Coal executive Bob Murray clashed Monday with federal energy regulators at a Lexington, Kentucky, energy forum over what Murray called a failure by the Federal Energy Regulatory Commission to sufficiently support the struggling coal industry.
“The word that I’ve been using to describe FERC is feckless,” Murray told the audience, including FERC Chairman Neil Chatterjee.
Murray wanted FERC, which regulates the wholesale transmission of energy, to enact a Trump Administration proposal that would have subsidized coal-fired power plants and helped keep them competitive with cheaper natural gas. Murray Energy and other coal companies argues that without enough coal in the nation’s fuel mix the electric grid could become unreliable, posing a risk to national security.
“What natural gas is available, you know, it comes in a finite pipe,” Murray said. “People forget that too, that these gas wells aren’t going to last.

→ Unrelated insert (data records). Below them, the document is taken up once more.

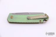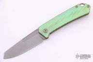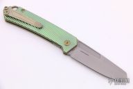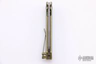This OEM Slim is a Richard Rogers Design and features a bead blasted blade. The handle is milled and anodized titanium with blasted titanium backspacer, hardware and tip up clip. Nice detent, lockup and blade seating. Comes with original packaging and brown leather slip sheath. New condition.
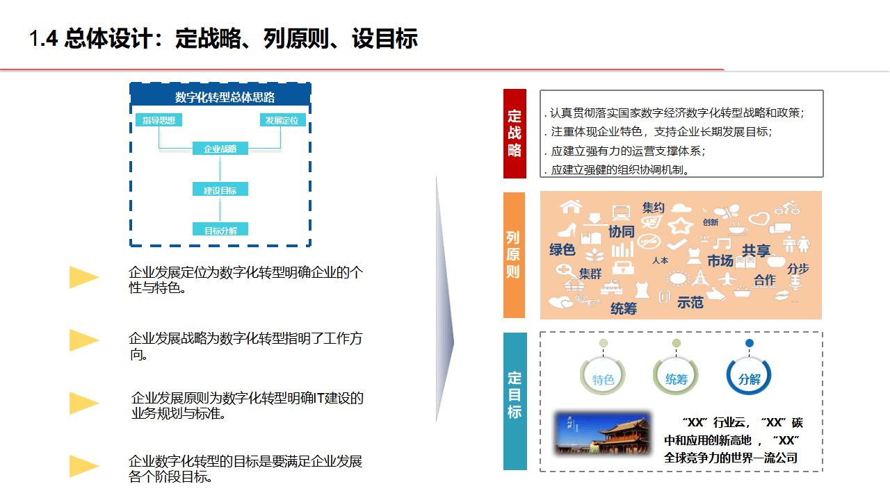 - 总体设计: 确立"集约、协同、创新、绿色、共享"的建设原则,制定符合企业特色的战略目标(如建设"数字湘烟")。
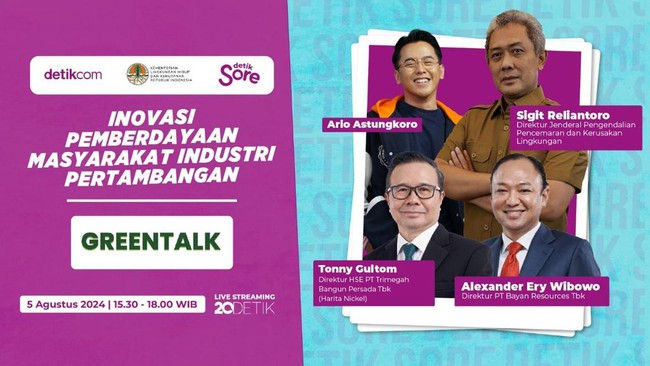 Ingin tahu lebih lanjut mengenai program Green Smelter? Topik ini akan dikupas tuntas secara mendalam langsung bersama ahlinya dalam Greentalk bertema 'Inovasi Pemberdayaan Masyarakat Industri Pertambangan' di detikSore yang tayang di 20detik.com, 5 Agustus 2025 pukul 15.30-18.00 WIB.

This glut of gas is not going to last.”
The proposal was widely criticized and FERC rejected the idea last year. Murray and other coal industry actors viewed that as a failure by FERC to prioritize the resiliency of the power grid to threats from extreme weather events.

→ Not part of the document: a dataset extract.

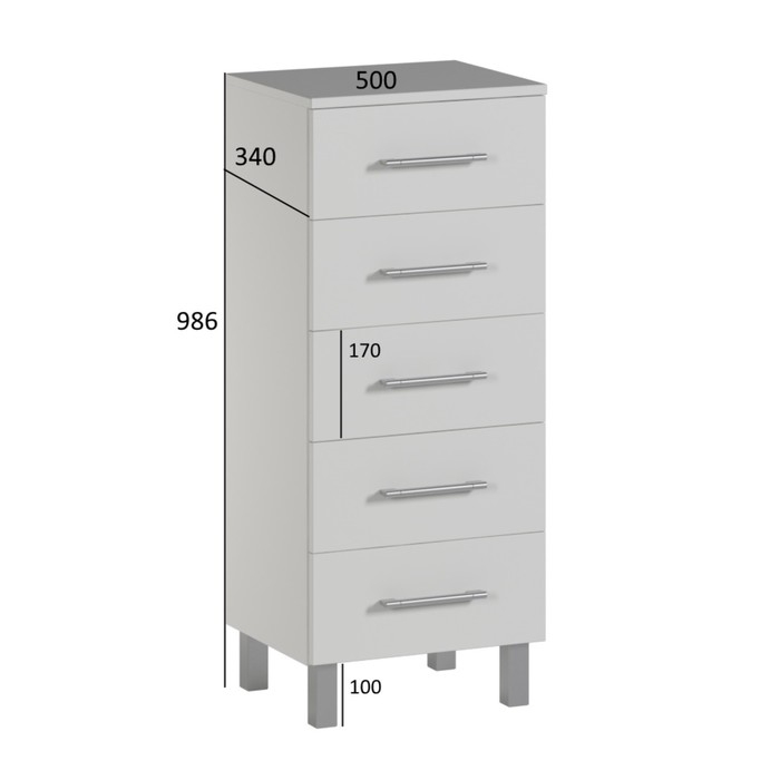 Комод высокий для ванной комнаты, белый, 50 х 34 х 98,6 см

Chatterjee personally invited Murray to speak, knowing that he would be harshly critical. “He was obviously sharply critical of the commission and the decision we made,” Chatterjee said. “And that’s precisely what I hoped to achieve by inviting him here: to start the dialogue.”
FERC and the University of Kentucky Center for Applied Energy Research hosted the event, which Chatterjee called a frank discussion away from the politics of Washington, D.C. Attendees included executives from fossil fuel, nuclear and renewable energy industries, and regulatory agencies from states across the country. They discussed the future of America’s energy mix, “all of the above” strategies and more aggressive action to address climate change, such as the Green New Deal proposal.
Other coal industry leaders had prominent roles. Alliance Research Partners CEO Joe Craft sat at Chatterjee’s left hand during a buffet-style lunch, and former Peabody Energy executive Fred Palmer took center stage in a panel about retraining displaced coal sector workers.
The coal industry has struggled in recent years as a mix of efficiency, renewable energy and especially natural gas from fracking have made coal less competitive. Major bankruptcies have shaken the industry, and Bob Murray’s company could be next. Murray Energy has been in the news lately for mounting financial problems, and industry observers anticipate a bankruptcy announcement. Murray Energy is based in Ohio and the company claims to be the country’s largest underground mine company, with about 6,000 employees.